[Numpy-discussion] Byte aligned arrays

Thu Dec 20 03:53:31 EST 2012

On Wed, 2012-12-19 at 19:03 +0100, Francesc Alted wrote:
> The only scenario that I see that this would create unaligned arrays
> is 
> for machines having AVX.  But provided that the Intel architecture is 
> making great strides in fetching unaligned data, I'd be surprised
> that 
> the difference in performance would be even noticeable.
> 
> Can you tell us which difference in performance are you seeing for an 
> AVX-aligned array and other that is not AVX-aligned?  Just curious.

Further to this point, from an Intel article...

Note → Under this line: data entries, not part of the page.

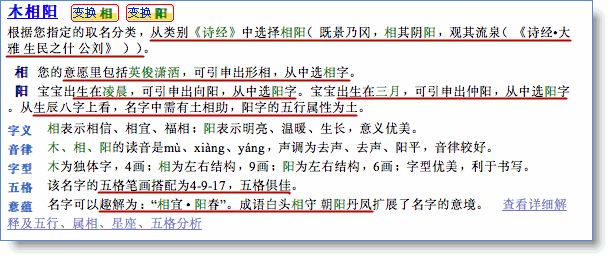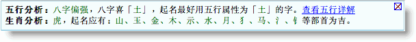 3、根據(jù)分析所得的信息,綜合起出滿足用戶個(gè)性化意愿,寶寶出生時(shí)間、地點(diǎn)信息,傳統(tǒng)的五行、生肖、五格,以及音韻、意蘊(yùn)優(yōu)美的名字。如下是其中的一個(gè)候選名字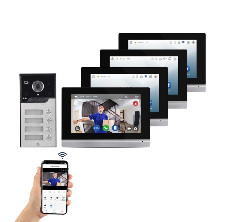 Sada 4ks Chytrého Wifi Video Telefonu a vnější Jednotky s integrovanou kamerou se dvěma zvonky s možností připojení dalších PoE IP kamer. Vnější jednotka vybavena RFID čtečkou umožňující autorizaci a tím i otevření el. zámku přiložením RFID čipu.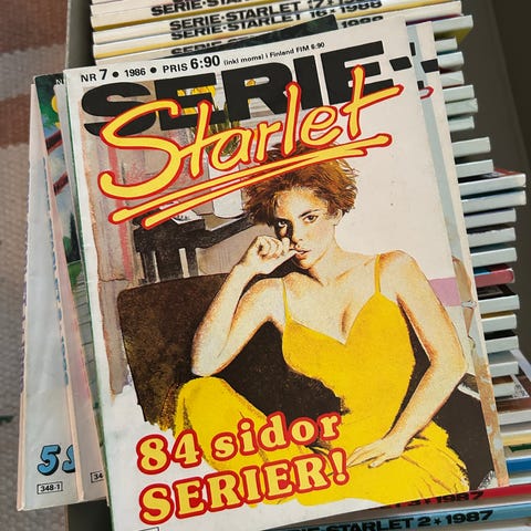 Starlet serietidningar samling från år 1974. Flera nummer ur serien ”Starlet – Din tidning” syns på bilderna, med ryggar märkta med respektive nummer och årtal 1974. Omslagen visar typiska illustrationer och fotografier från perioden. Passar för den som samlar på äldre serietidningar eller vill komplettera en befintlig Starlet-samling.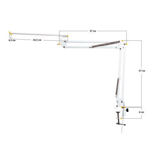 Світлодіодна лампа Mealux DL-700 тримається на стільниці товщиною до 45 мм і фіксується завдяки струбцині.

http://software.intel.com/en-us/articles/practical-intel-avx-optimization-on-2nd-generation-intel-core-processors

"Aligning data to vector length is always recommended. When using Intel
SSE and Intel SSE2 instructions, loaded data should be aligned to 16
bytes. Similarly, to achieve best results use Intel AVX instructions on
32-byte vectors that are 32-byte aligned. The use of Intel AVX
instructions on unaligned 32-byte vectors means that every second load
will be across a cache-line split, since the cache line is 64 bytes.
This doubles the cache line split rate compared to Intel SSE code that
uses 16-byte vectors. A high cache-line split rate in memory-intensive
code is extremely likely to cause performance degradation. For that
reason, it is highly recommended to align the data to 32 bytes for use
with Intel AVX."

Though it would be nice to put together a little example of this!

Henry